**WORK INSTRUCTION:** Images should be omitted while the rest of the data is duplicated exactly.

--- DATA ---

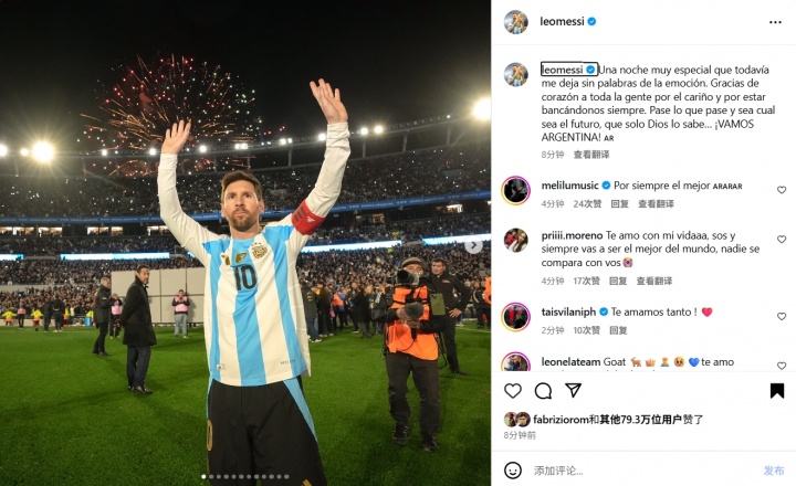 梅西在社媒发文写道:“一个非常特别的夜晚,激动得让我至今无言以对。衷心感谢所有人的爱和一直以来的支持。不管发生什么,不管未来如何,只有上帝知道……阿根廷加油!”
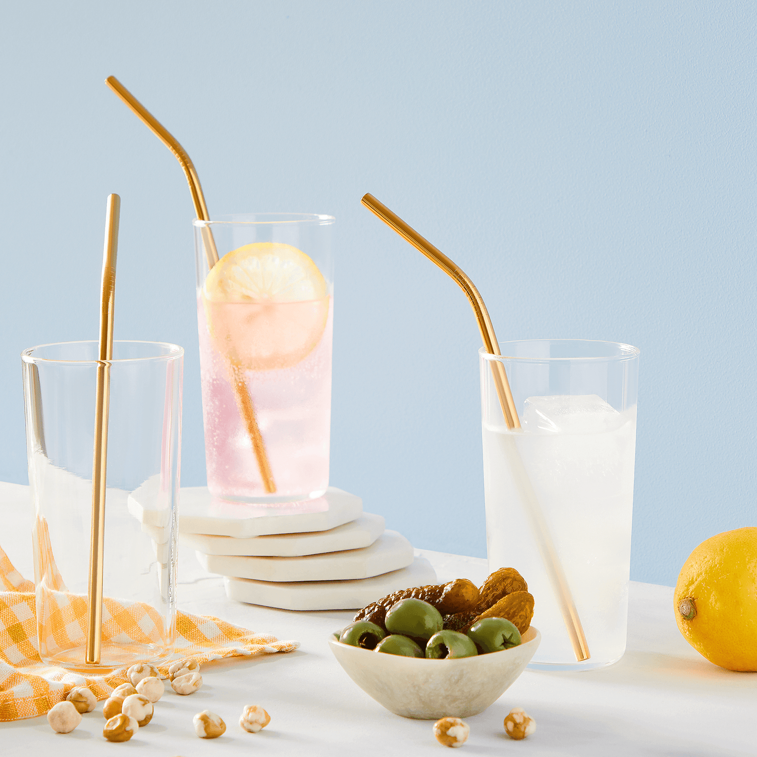Eco-friendly and fashionable, our reusable stainless-steel straws have a metallic finish and are perfect for sipping your morning cold brew. The set includes a mini scrub brush for keeping the interiors squeaky clean. Available in straight or angled.
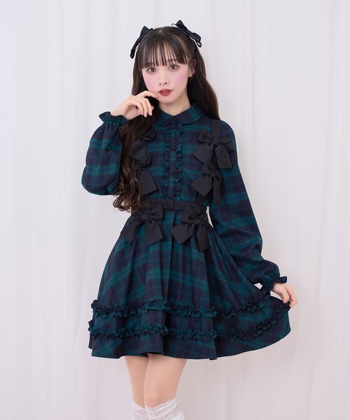 リボンをたくさんつけたハーネスが目をひくワンピース♪落ち着いたカラーのワンピースにフリルをたっぷりつけてハニーシナモンらしくまとめたアイテムです♡肩紐は2種類の長さで調節可能です。
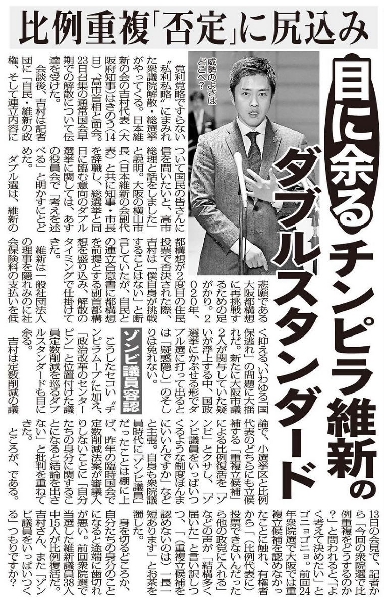 吉村代表は定数削減の議論で、小選挙区と比例代表のどちらにも立候補する「重複立候補」による比例復活を「ゾンビ」とクサし、「ゾンビ議員をいっぱいつくるような制度ほんまにいいんですか」などと主張。自身も衆院議員時代に「ゾンビ議員」だったことは棚に上げ、昨年の臨時国会で定数削減法案が審議入りしないことに「自分たちの身分に関することになると結論を出さない」と批判を重ねてきた。

---

**EXERCISE RESULT:**
 梅西在社媒发文写道:“一个非常特别的夜晚,激动得让我至今无言以对。衷心感谢所有人的爱和一直以来的支持。不管发生什么,不管未来如何,只有上帝知道……阿根廷加油!”
Eco-friendly and fashionable, our reusable stainless-steel straws have a metallic finish and are perfect for sipping your morning cold brew. The set includes a mini scrub brush for keeping the interiors squeaky clean. Available in straight or angled.
 リボンをたくさんつけたハーネスが目をひくワンピース♪落ち着いたカラーのワンピースにフリルをたっぷりつけてハニーシナモンらしくまとめたアイテムです♡肩紐は2種類の長さで調節可能です。
 吉村代表は定数削減の議論で、小選挙区と比例代表のどちらにも立候補する「重複立候補」による比例復活を「ゾンビ」とクサし、「ゾンビ議員をいっぱいつくるような制度ほんまにいいんですか」などと主張。自身も衆院議員時代に「ゾンビ議員」だったことは棚に上げ、昨年の臨時国会で定数削減法案が審議入りしないことに「自分たちの身分に関することになると結論を出さない」と批判を重ねてきた。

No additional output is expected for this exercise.